Bij brief van gelijke datum heeft eiser bezwaar gemaakt tegen de afwijzing van het verzoek om schadevergoeding.
Verweerder heeft dit bezwaar bij besluit van 26 april 2010 ongegrond verklaard.
Eiser heeft op 13 mei 2010 beroep ingesteld tegen laatstgenoemd besluit. Dit beroep is geregistreerd onder zaaknummer AWB 10/17577.
Beide beroepen zijn gevoegd behandeld ter zitting van de meervoudige kamer van deze rechtbank van 16 september 2010, waar eiser is verschenen bij gemachtigde. Tevens is verschenen mr. P.H. Banda, werkzaam bij de Raad voor de rechtspraak, die door de rechtbank is opgeroepen om namens de Staat der Nederlanden (de minister van Justitie) te verschijnen.
Ter zitting heeft de rechtbank de behandeling van de beroepen met toepassing van artikel 8:64, eerste lid, van de Awb geschorst, omdat de gemachtigde van verweerder wegens onvoorziene omstandigheden niet (tijdig) ter zitting heeft kunnen verschijnen.
De voortzetting van de behandeling van genoemde beroepen heeft plaatsgevonden ter zitting van 7 oktober 2010, waar eiser is verschenen bij gemachtigde. Verweerder is verschenen bij gemachtigde. Namens de Staat der Nederlanden is niemand verschenen. Wel is een schriftelijke zienswijze van 30 september 2010 ingebracht.

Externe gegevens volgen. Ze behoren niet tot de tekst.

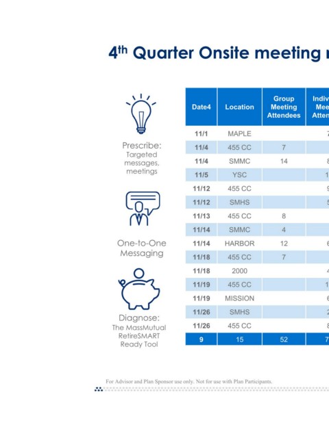 Prescribe: Targeted messages, meetings One-to-One Messaging Diagnose: The MassMutual RetireSMART Ready Tool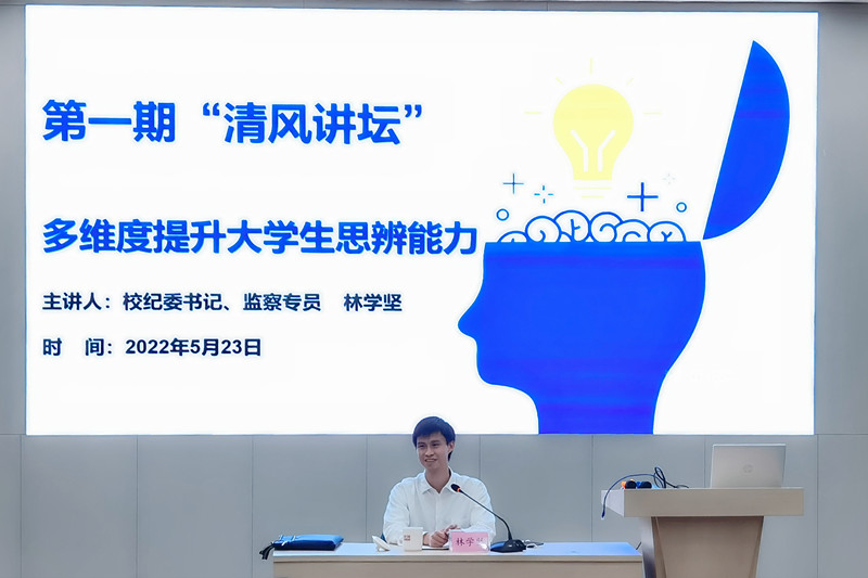 5月23日,校纪委(监察专员办)“清风讲坛”第一期开讲,校纪委书记、监察专员林学坚应邀作“多维度提升大学生思辨能力”专题讲座。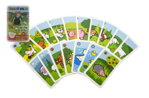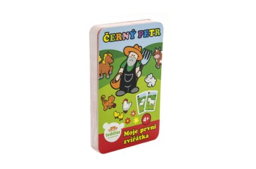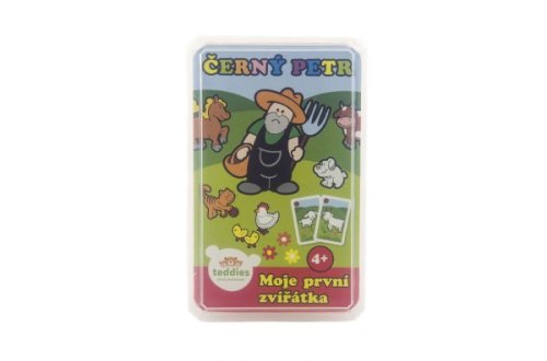 Kto sa zbaví všetkých svojich kariet s rovnakým označením a komu na konci hry zostane v ruke Čierny Peter? Karty: 25 kariet - 12 dvojíc označených rovnakým symbolom + 1 Čierny Peter, v papierovej krabičke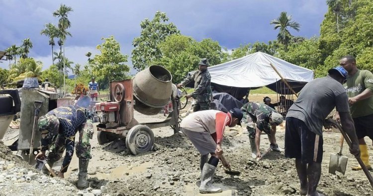 Keerom – Wujud nyata toleransi antarumat beragama serta kemanunggalan TNI dengan rakyat terus ditunjukkan oleh Babinsa jajaran Koramil 1701-23/Skanto. Sebanyak lima orang Babinsa yang dipimpin langsung oleh Serma Junaedi melaksanakan kegiatan kerja bakti pengecoran pondasi pembangunan Gedung Gereja GKI Solagratia di Kampung Jaifuri, Distrik Skanto, Kabupaten Keerom. Kamis (29/1/2026).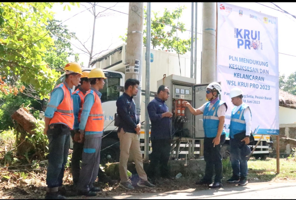 PT PLN (Persero) sukses pasok listrik andal untuk gelaran liga selancar dunia atau World Surf League (WSL) Krui Pro 2023, yang diadakan di Pantai Tanjung Setia, Kabupaten Pesisir Barat, Lampung pada 12 hingga 18 Juni 2023.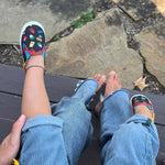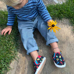 The Crayola Never Run with Scissors soft soles by Robeez is perfectly designed for the littlest of feet. The shoes features a navy upper with an all-over printed upper with the iconic and innovative art tools that Crayola is known for and with an embroidered detail suede bottom it gives your babies feet room to grow. They are flexible with movement and non-constricting for better balance and stay on, play on power.
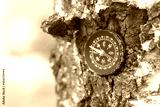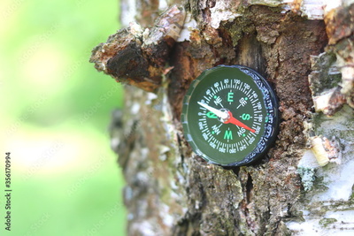 round compass on natural background as symbol of tourism, travel and outdoor activities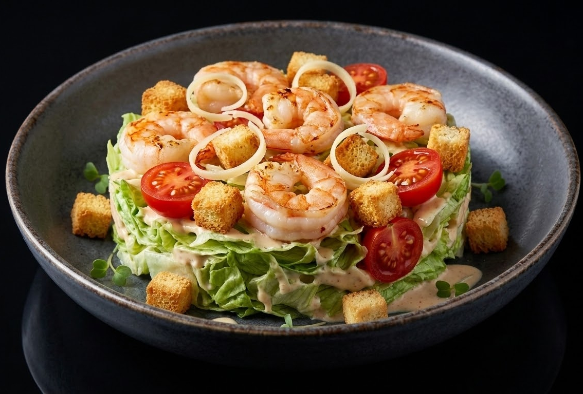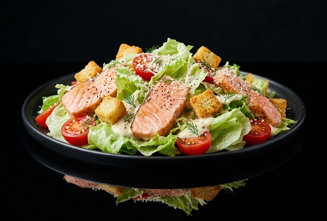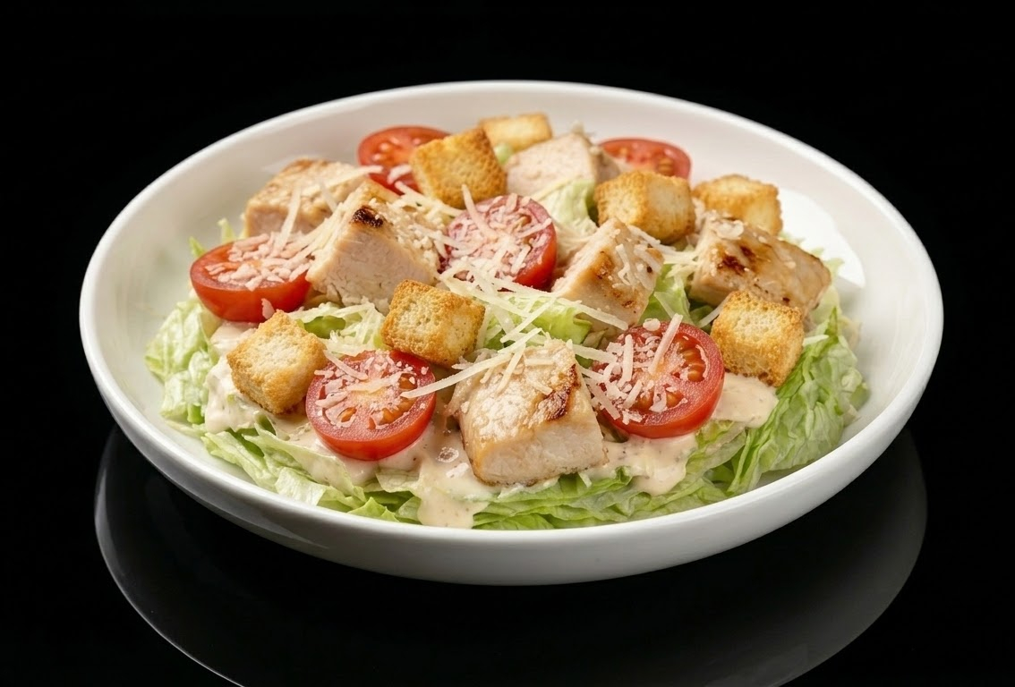 Салат "Айсберг", помидорки "Черри", курица, сухарики, соус "Цезарь", сыр "Пармезан"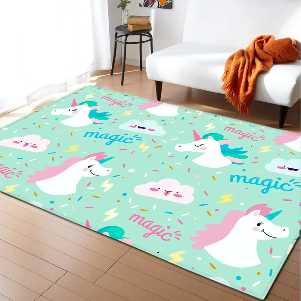 Радужный Единорог мультфильм 3D печать ковер детская спальня игрово...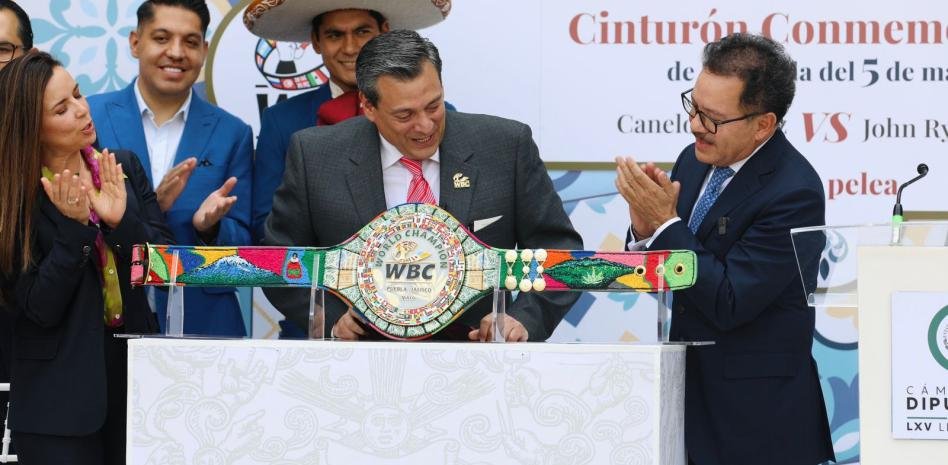 El cinturón que recibirá el vencedor de la pelea de box entre Saúl “El Canelo” Álvarez y John Ryder que se llevará a cabo el próximo sábado 6 de mayo en Guadalajara, Jalisco, fue presentado por Mauricio Sulaimán, presidente del Consejo Mundial de Boxeo, y el coordinador de los diputados de Morena, en el marco de la conmemoración de la Batalla de Puebla.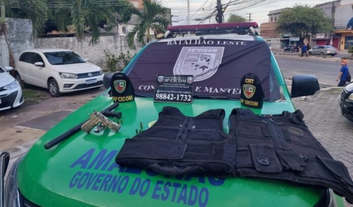 Conforme a polícia, o homem estava com uma pistola 380 com carregador, várias munições, dois coletes a prova de balas, um bastão policial e munições, que foram apreendidos.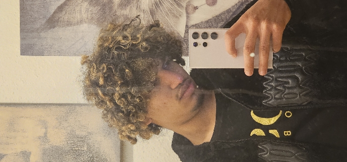 A person with curly brown hair holds a white smartphone, adorned with multiple camera lenses, at eye level. The individual is wearing a black shirt or jacket with gold-colored detailing. In the background, a wall displays a piece of abstract art. The subject's face is visible, suggesting a selfie is being taken. A ring with a pearl-like bead is visible on one of the subject's fingers.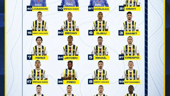 'Dominik Livakovic, İrfan Can Eğribayat, Doğukan Demir, Bright Osayi-Samuel, Mert Müldür, Rodrigo Becao, Alexander Djiku, Samet Akaydin, Ferdi Kadıoğlu, Jayden Oosterwolde, İsmail Yüksek, Miguel Crespo, İrfan Can Kahveci, Fred, Mert Hakan Yandaş, Sebastian Szymanski, Ryan Kent, Dusan Tadic, Edin Dzeko, Michy Batshuayi, Umut Nayir.'

<i>Ten aanzien van het beroep met zaaknummer AWB 09/32317</i>
1. Eiser heeft verweerder bij brief van 21 augustus 2008, herhaald bij brieven van 17 maart 2009 en 14 april 2009, verzocht om het toekennen van (een voorschot op) schadevergoeding. Eiser heeft hiertoe gesteld dat hij immateriële schade heeft geleden als gevolg van de zeer langdurige procedure aangaande de intrekking van de verblijfsvergunning asiel voor onbepaalde tijd. Verweerder had die verblijfsvergunning ingetrokken vanwege het ernstige vermoeden dat eiser zich had schuldig gemaakt aan gedragingen als bedoeld in artikel 1(F) van het Verdrag betreffende de status van vluchtelingen van Genève van 28 juli 1951, zoals gewijzigd bij Protocol van New York van 31 januari 1967 (hierna: het Vluchtelingenverdrag).

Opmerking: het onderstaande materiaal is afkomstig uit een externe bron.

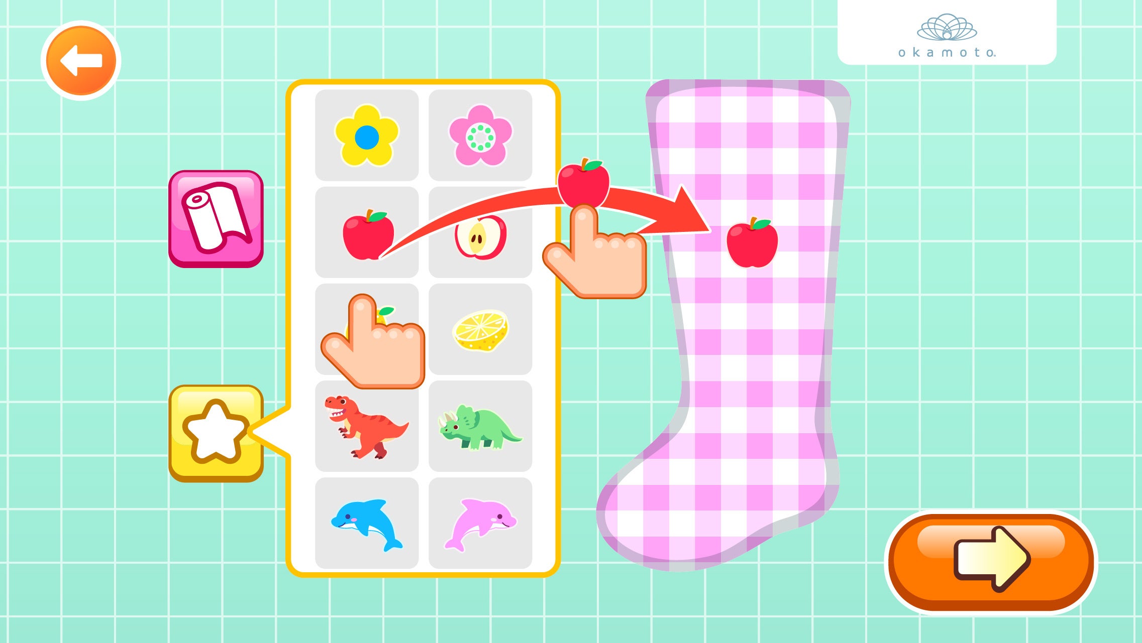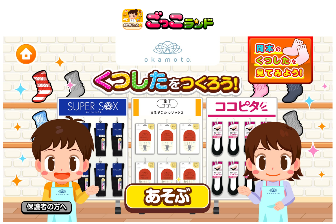 子ども向け社会体験アプリ『ごっこランド』に、靴下の岡本の新ゲーム「くつしたをつくろう!」が登場!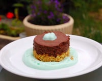 Biscuit façon cheese cake sous une mousse au chocolat, le tout délicatement déposé sur un espuma à la menthe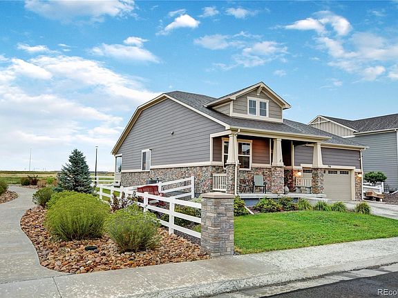 Welcome to this better than brand new Platte Ranch home at the Village at Southgate! This unique ranch home is located right next to the walking trail the leads to an open park! The backyard backs to open space and has a beautiful view of the prairie fields! Other awesome features of the exterior include; smart irrigation system to water the front and the backyard from an app on your phone! The backyard also has a spacious covered concrete patio and an extra concrete slab added onto the covered patio area! This yard is very low maintenance and also comes with a utility shed! The interior features 3 bedrooms, 2 full bathrooms, a full unfinished basement, an eat-at kitchen island overlooking the bright dining and great room and a main level laundry room! This kitchen features a double oven, cook top, and all appliances are included! The private master suite features an ensuite bathroom and a large walk-in closet. Included in this home are smart garage door openers and wifi enabled thermostats, LED lighting, and Ring Doorbell! Throughout the home custom fans and pendant lights that have been added as well! Located conveniently across from Prairie View High School, Village at Southgate is just minutes from Hwy 85 with quick access to DIA. Meritage homes are known for their energy-efficient features, which helps you live a healthier and quieter lifestyle while saving thousands of dollars on utility bills.

2. Eiser heeft in beroep aangevoerd dat het verweerder niet vrijstond om bij besluit van 12 augustus 2009 het besluit van 15 april 2009 in te trekken, een nieuw besluit in primo te nemen en vervolgens het bezwaarschrift van 17 april 2009, dat aan alle eisen voldeed, niet-ontvankelijk te verklaren. Volgens eiser had verweerder primair het bezwaarschrift van 17 april 2009 moeten doorzenden aan de rechtbank ter behandeling als beroepschrift. Indien verweerder een nieuw besluit had willen nemen, was dit slechts mogelijk door het bezwaar gegrond te verklaren, waarbij gedeeltelijk aan de bezwaren zou moeten zijn tegemoetgekomen.

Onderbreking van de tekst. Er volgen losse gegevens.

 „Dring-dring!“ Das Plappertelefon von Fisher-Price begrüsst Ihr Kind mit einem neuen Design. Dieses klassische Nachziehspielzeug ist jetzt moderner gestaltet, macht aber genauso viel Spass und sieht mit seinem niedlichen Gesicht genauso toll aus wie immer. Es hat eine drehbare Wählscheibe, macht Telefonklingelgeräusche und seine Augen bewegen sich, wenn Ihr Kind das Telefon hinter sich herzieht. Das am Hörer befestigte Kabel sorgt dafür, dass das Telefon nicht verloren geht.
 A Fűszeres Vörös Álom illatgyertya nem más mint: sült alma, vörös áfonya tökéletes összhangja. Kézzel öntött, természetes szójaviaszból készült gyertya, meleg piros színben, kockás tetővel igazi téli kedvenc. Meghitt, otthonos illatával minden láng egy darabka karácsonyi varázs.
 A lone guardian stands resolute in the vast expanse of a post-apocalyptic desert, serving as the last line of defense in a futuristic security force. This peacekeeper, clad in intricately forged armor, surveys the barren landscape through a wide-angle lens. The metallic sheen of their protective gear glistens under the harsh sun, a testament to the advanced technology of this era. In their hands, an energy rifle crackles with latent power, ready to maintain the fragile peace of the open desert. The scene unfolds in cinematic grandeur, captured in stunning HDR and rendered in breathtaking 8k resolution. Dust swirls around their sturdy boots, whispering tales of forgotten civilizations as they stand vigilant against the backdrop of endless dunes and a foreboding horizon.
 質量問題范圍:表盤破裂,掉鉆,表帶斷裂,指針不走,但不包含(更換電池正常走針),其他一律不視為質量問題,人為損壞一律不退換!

3. Naar het oordeel van de rechtbank is de mededeling van verweerder in de brief van 15 april 2009 te beschouwen als een besluit in de zin van artikel 1:3 van de Awb, aangezien deze moet worden geacht gericht te zijn op rechtsgevolg. Immers, eiser wordt een recht op schadevergoeding onthouden, dan wel een mogelijke aanspraak daarop geweigerd. De rechtbank ziet zich in dit oordeel gesteund door onder meer de uitspraak van de Afdeling bestuursrechtspraak van de Raad van State (hierna: de Afdeling) van 9 september 2009, LJN: BJ7194.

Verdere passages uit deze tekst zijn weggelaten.